Broken dreams shroud middle-aged Logan, once a promising novelist, as he stiffly settles himself into a nine-to-five corporate life. Logan marches forward with a beautiful and brightly positive fiancé. He writes marketing copy. He pays his bills. He lives in a well-appointed home. But Logan feels weighted by a past that might be an anchor or a lifeline.
Only Everything by Keith Martin-Smith is a profoundly affecting work of fiction that explores deep truths. With the narrative opening between the present and twenty-something Logan’s life in New York City as he writes his first novel, we get bright future and bleak mid-life all at once, a jarring split-screen, with each side haunting the other. Logan’s NYC girlfriend, Carissa, believes in him, pushes him, and loves him. His friends help and encourage him. Yet somehow it’s not enough. As the story unfolds, Martin-Smith connects the different parts of Logan’s life to uncover why.
The novel pushes deep into the unsettling complexities of yearning for a true life. Freedom, talent and love shove themselves through modern life’s relentless gauntlet of conformity and material success. Logan wishes only to bring his words into the world and say something that matters. Martin-Smith imbues Logan with a caustic earnestness, allowing him at times to be unlikable, slogging through the weight of the world. He drinks to erase the pain of unrealized dreams, but clings to a loosening grip on who he was and what he’s had and lost.

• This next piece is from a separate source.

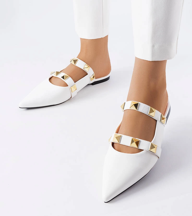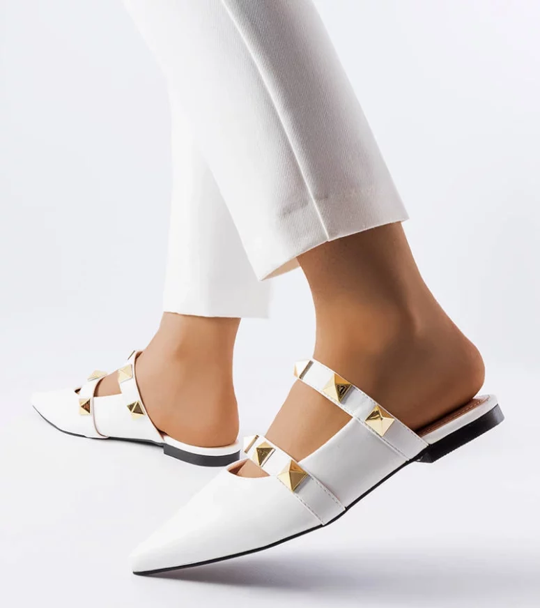 Klapki Ruckman ze szpiczastym noskiem, wsuwane. Zabudowane z przodu oraz po bokach, wycięte na pięcie i śródstopiu. Osadzone na płaskim obcasie. Ozdobione dwoma paskami z ćwiekami. Wykonane ze skóry ekologicznej. Najlepiej leżą na wąskiej stopie. Lubisz nosić nowoczesne, niespotykane buty i dodatki? Koniecznie zaopatrz się w te klapki! Numeracja standardowa, sugerujemy kierować się swoim rozmiarem.

Martin-Smith peels back Logan’s truth through actions and conversations with those closest to him, uncovering the basic human need to connect. Slowly, and then with a lighting-quick, all-too-human encounter that smashes the false against the real, Logan stumbles forward, disoriented but reconnected to the young man determined to realize his dreams. His life is no longer a prayer but an action, something real that pushes out of the traps that held him lifeless. Martin-Smith doesn’t flinch at the consequences of such brutal honesty. He shows us the repercussions of Logan’s actions, the lives hurt by the pursuit of one’s own truth. Yet, at the same time, Logan’s life reveals the absolute necessity of those actions.
Novelists often use their own lives to get at the messiness of the human condition. Philip Roth created his flawed alter ego Nathan Zuckerman, and Kurt Vonnegut translated the awfulness of his young life in war into distinct, iconoclastic truths about life. Martin-Smith places into the world this small novel that travels a similar path: to uncover universal truths in one particular life. Logan personifies the truth of the poet Rainer Maria Rilke, “I want to unfold/Let no place in me hold itself closed/for when I am closed, I am false.”
That lyrical lament fuels dreams like Logan’s, and fuels the import of his story. Confronting core existential truths about personal authenticity and integrity and freedom allows a person to open themselves to life no matter what comes. That realization is more than worth the price of admission to this excellent novel.